Our public school welcomes parental involvement. Teachers are thrilled to have parents volunteer in the classroom and the principal has always had an open door when I stopped in with a question or concern. When I spend an hour helping my daughter’s classmates practice multiplication, I multiply the teacher’s efforts and support the cause of education far beyond my own children. Our school truly belongs to the community and it is what the community makes it.

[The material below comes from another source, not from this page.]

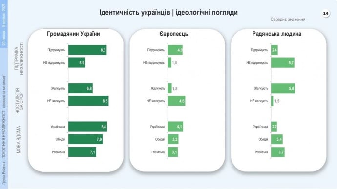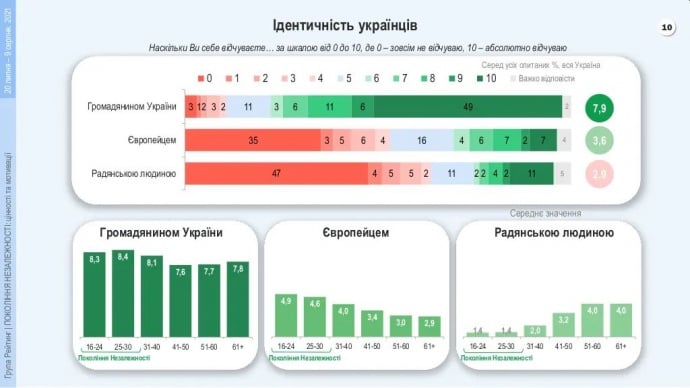Опитування показало, що серед представників «Покоління Незалежності» ідентифікують себе як громадяни України 86%, як європейці – 40%. Старші менше вважають себе європейцями, але частіше ніж інші ідентифікують себе як «радянську людину».

Government policies and education budgets now affect my children directly, so I have heightened interest in the issues. I better understand what educators do, helping me relate to a much larger group of society. When teachers and professors in my book club begin to discuss particular stresses on public education, I can participate. Rather than supporting divisions based on class and ideology, I can connect differing perspectives to broaden people’s view of the big picture.

Effects on Students

I maintain that it is neither normal nor traditional for boys to spend their days under the tutelage of their mother after they reach double digits. In the days of the pioneer, a boy might grow up isolated and self-taught. He was prepared to explore the frontier, self-reliant and independent. Those are hardly the skills needed by adults today.

It would be interesting to hear from men how they think homeschooling affected them emotionally. My hunch is that all that time at home with Mom often stunted their decision-making and negotiating skills and either increased their susceptibility to manipulation or their ability to manipulate, or both.

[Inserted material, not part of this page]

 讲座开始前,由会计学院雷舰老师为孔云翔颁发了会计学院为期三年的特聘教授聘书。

Boys–and girls in contemporary society–need to learn goal-setting and negotiating skills. School exposes them to a range of leadership styles and personalities and varied levels of accountability. It helps them build a portfolio of social skills (and coping mechanisms) that can serve them in the work force when they have to deal with cranky managers, lazy teammates, and charting their own professional course.

Even in modern homeschooling, with its drama groups, advanced math co-op classes, and sports teams, families tend to be overly flexible, to lack commitment to schedules, and to make sacrifices for one child at the expense of the others. In spite of its flaws, the school system does allow for a more level playing field that offers individual choice and rewards accordingly.

Effects on Family Dynamics

Family dynamics are the primary reason I decided against long-term homeschooling. Put simply, my daughter appreciates me much more when she doesn’t have to spend all day with me! Though we spend less time together, we use that time more efficiently, deepening our relationship and helping her develop emotionally and socially. Homeschooling strains the parent-child relationship unnecessarily. It is unfair to a teenager for one or two adults to hold the keys to his education and grades as well as his: social life, access to transportation, food choices, access to employment, daily schedule, recreation, healthcare, and moral guidance. This absolute power tends to corrupt parents, or simply exhaust them.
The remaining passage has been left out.